» Work item:
In the copy, every line of the material that follows must appear exactly, and no pictures should.
▬▬▬▬▬▬▬▬▬▬
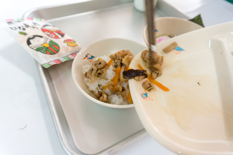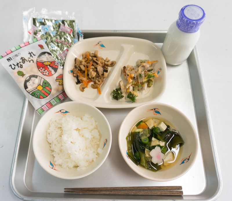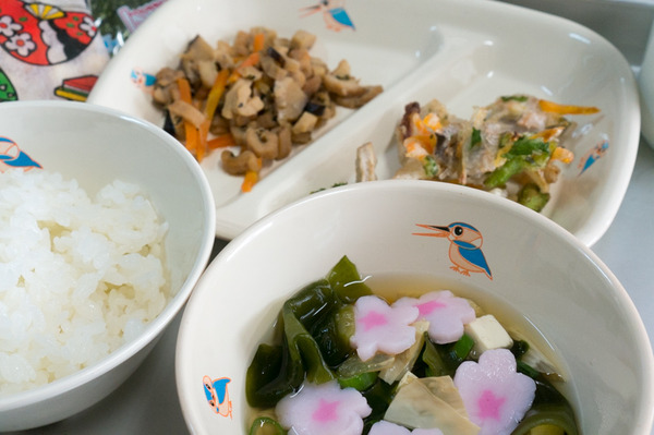 給食の献立はすしご飯、すまし汁、菜の花のかき揚げ、穴子のちらし具、焼き海苔、ひなあられです。
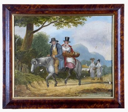 EARLY 19TH CENTURY WELSH SCHOOL MANNER OF JOHN CAMBRIAN ROWLAND oil on canvas - inscribed verso, 'Welsh Couple Going to Market', 35.5 x 43cmsProvenance: the Welsh art collection of award-winning television producer, the late Pat Llewellyn (1962-2017), by descentComments: craquelure and paint loss, framed
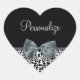 Personnalisez en ajoutant le nom de n'importe quelle fille à ces autocollants empreintes de léopard noirs et blancs sophistiqués en forme de coeur avec un ruban élégant attaché à un arc féminin élégant. Ce design poster de animal élégant est une image à impression plat, et ne contient pas de ruban réel.
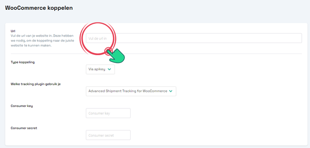 5. Daarna kies je het type koppeling dat je wilt maken, er zijn twee mogelijkheden: via een apikey of via een plugin die je downloadt en vervolgens aanmaakt in je Woocommerce.
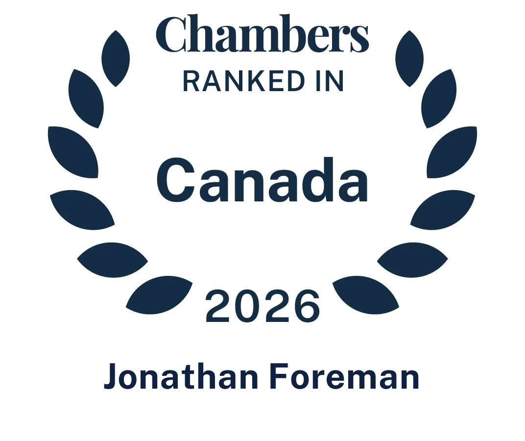 We are happy to share that our founder Jon Foreman and our firm, Foreman & Company, were each ranked in Chambers & Partners' prestigious annual rating of top plaintiff-side Class Action lawyers and law firms in Canada.
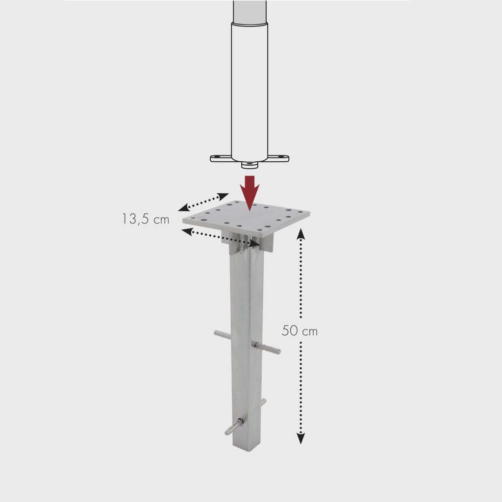 Zalecamy zabetonowanie kotwy w ziemi (minimum 40x40 cm i głębokość ok. 60 cm).
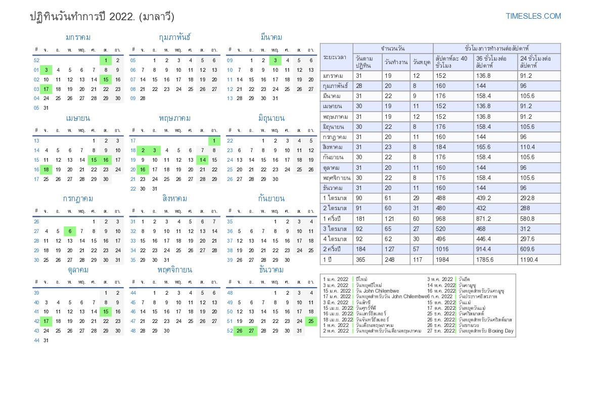 ดาวน์โหลดและพิมพ์ปฏิทินวันทำการในรูปแบบ PDF พร้อมวันหยุดและวันหยุดสุดสัปดาห์สำหรับไตรมาสที่ 2 ของปี 2022 สำหรับมาลาวี
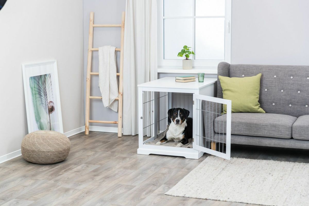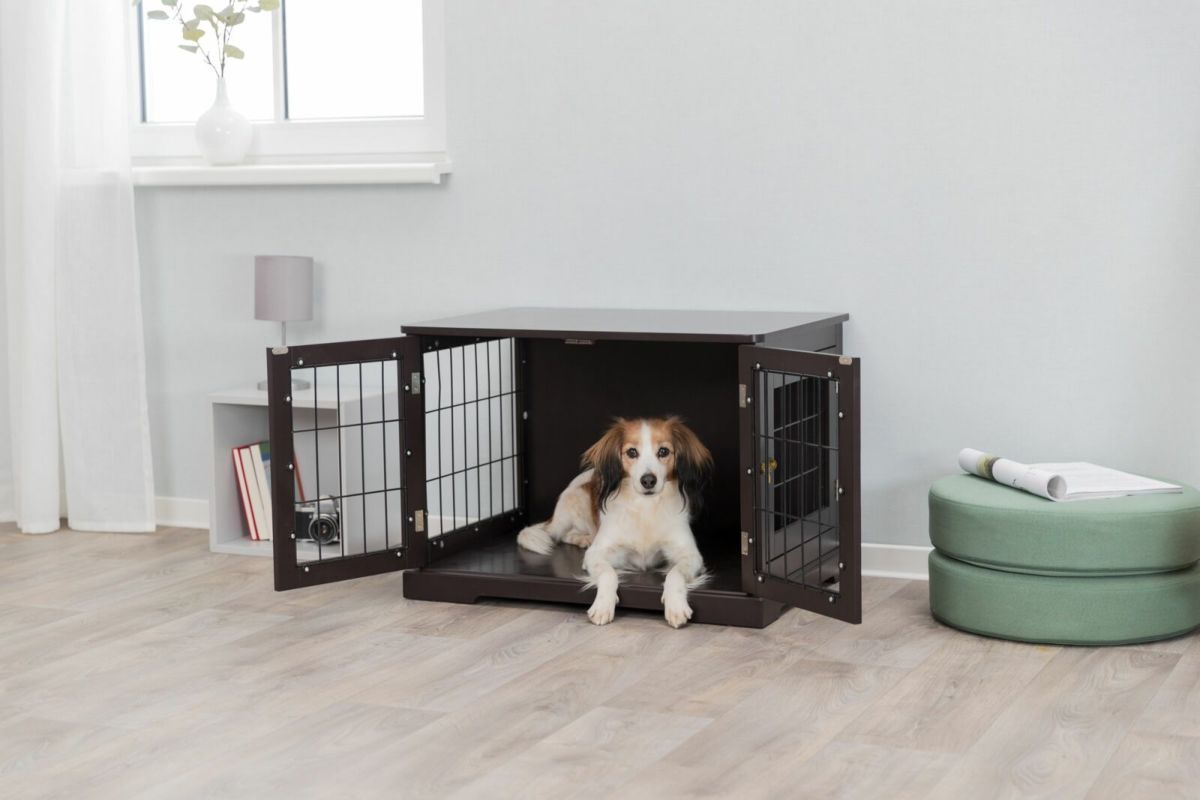 クラシックな家具デザインで、インテリアにも馴染むペット用クレート兼サイドテーブル 犬用 ケージ TRIXIE トリクシー ウッド&ワイヤーペットクレート Mサイズ
▬▬▬▬▬▬▬▬▬▬
» Solved exercise:
 給食の献立はすしご飯、すまし汁、菜の花のかき揚げ、穴子のちらし具、焼き海苔、ひなあられです。
 EARLY 19TH CENTURY WELSH SCHOOL MANNER OF JOHN CAMBRIAN ROWLAND oil on canvas - inscribed verso, 'Welsh Couple Going to Market', 35.5 x 43cmsProvenance: the Welsh art collection of award-winning television producer, the late Pat Llewellyn (1962-2017), by descentComments: craquelure and paint loss, framed
 Personnalisez en ajoutant le nom de n'importe quelle fille à ces autocollants empreintes de léopard noirs et blancs sophistiqués en forme de coeur avec un ruban élégant attaché à un arc féminin élégant. Ce design poster de animal élégant est une image à impression plat, et ne contient pas de ruban réel.
 5. Daarna kies je het type koppeling dat je wilt maken, er zijn twee mogelijkheden: via een apikey of via een plugin die je downloadt en vervolgens aanmaakt in je Woocommerce.
 We are happy to share that our founder Jon Foreman and our firm, Foreman & Company, were each ranked in Chambers & Partners' prestigious annual rating of top plaintiff-side Class Action lawyers and law firms in Canada.
 Zalecamy zabetonowanie kotwy w ziemi (minimum 40x40 cm i głębokość ok. 60 cm).
 ดาวน์โหลดและพิมพ์ปฏิทินวันทำการในรูปแบบ PDF พร้อมวันหยุดและวันหยุดสุดสัปดาห์สำหรับไตรมาสที่ 2 ของปี 2022 สำหรับมาลาวี
 クラシックな家具デザインで、インテリアにも馴染むペット用クレート兼サイドテーブル 犬用 ケージ TRIXIE トリクシー ウッド&ワイヤーペットクレート Mサイズ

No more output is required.